Report From Rescue Company 1

by BRBrony9


Going Underground

'Engine 25, Mayday, Mayday! Fireponies down! Fireponies down!'

The message crackled out from every radio that was tuned to the on-scene frequency, alerting other fireponies to the emergency. Some of their fellows needed help. It drew concerned glances from those who heard it, not least from Ember Blaze; his brother's company was in trouble. He didn't know who, which fireponies were down, or why, but he did know that Engine 25 had been assigned to a medical call in the subway minutes earlier. A creeping dread slowly filled his heart. Engine 25 had made the initial report, called in the 10-60, the major emergency signal. They must have found out what was wrong, which surely meant they must have gone down underground- which surely meant whoever had done so had been exposed to whatever was affecting the numerous victims. Blaze didn't know if Dawn would have gone in or not, but his first aid training was fresher than that of the other members of the company, and he needed to gain as much experience as he could in as many different types of incidents as possible.

Blaze couldn't focus on that now. He had his own job to do, and it would soon be his turn to go below ground and help others; just like at any fire, except that this time they would not be fighting the roaring inferno, the thick, choking smoke and scalding flame. This time, they would be fighting an invisible enemy, an insidious foe that could be anywhere, or nowhere.



'Shit, shit, shit...!' Striker scrabbled with the medical bag frantically as Dark Flash and Deep Blue rushed over to help. Deep Blue climbed into the cab and got on the radio, sending a message to the dispatcher that they needed EMS at the northeast corner of 42nd St and 8th Avenue for two fireponies down from unknown causes. Unknown, but suspected. Not an absolute guarantee, but everything seemed to indicate one thing. The situation underground, the casualties with no evident cause, and the symptoms both Coppertop and Dawn were displaying- weakness, sweating, involuntary urination, crying, pinpoint pupils- all pointed squarely at nerve agent exposure. There wasn't much else out there that could cause all of those things, excepting the small possibility of a particularly specific and powerful magical spell.

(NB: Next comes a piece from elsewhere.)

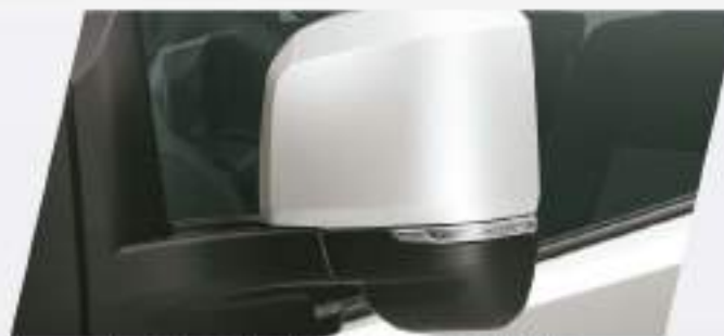
Espejos exteriores de giro angular*
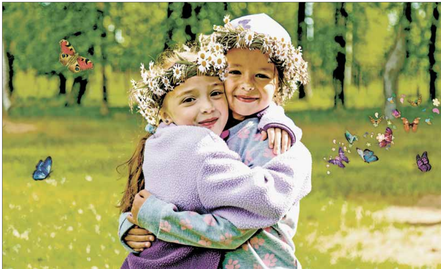
ДЕТИ сотрудников комбината отдыхают в здравницах. Лето – это маленькая жизнь!

Deep Blue received confirmation that the medics were on their way, but by the time she stepped down from the cab, there weren't two fireponies down. There were three.

Striker was now slumped against the side of the engine as well, sweating and twitching, leaving just the two mares to help them until the medics arrived. Every company in the city carried nerve agent antidote kits, enough to treat the members of the crew in the event of exposure to chemical weapons, or industrial chemicals which might have the same effect on the body. The kits consisted of auto-injectors, a kind of syringe which would inject the drug into the victim. There were two, one containing atropine to keep the heart rate up, and pralidoxime chloride, or 2-PAM Cl, which would counteract the element of the nerve agent which suppressed neurotransmitters, the lifeblood of the nervous system that carried electrical impulses from the brain.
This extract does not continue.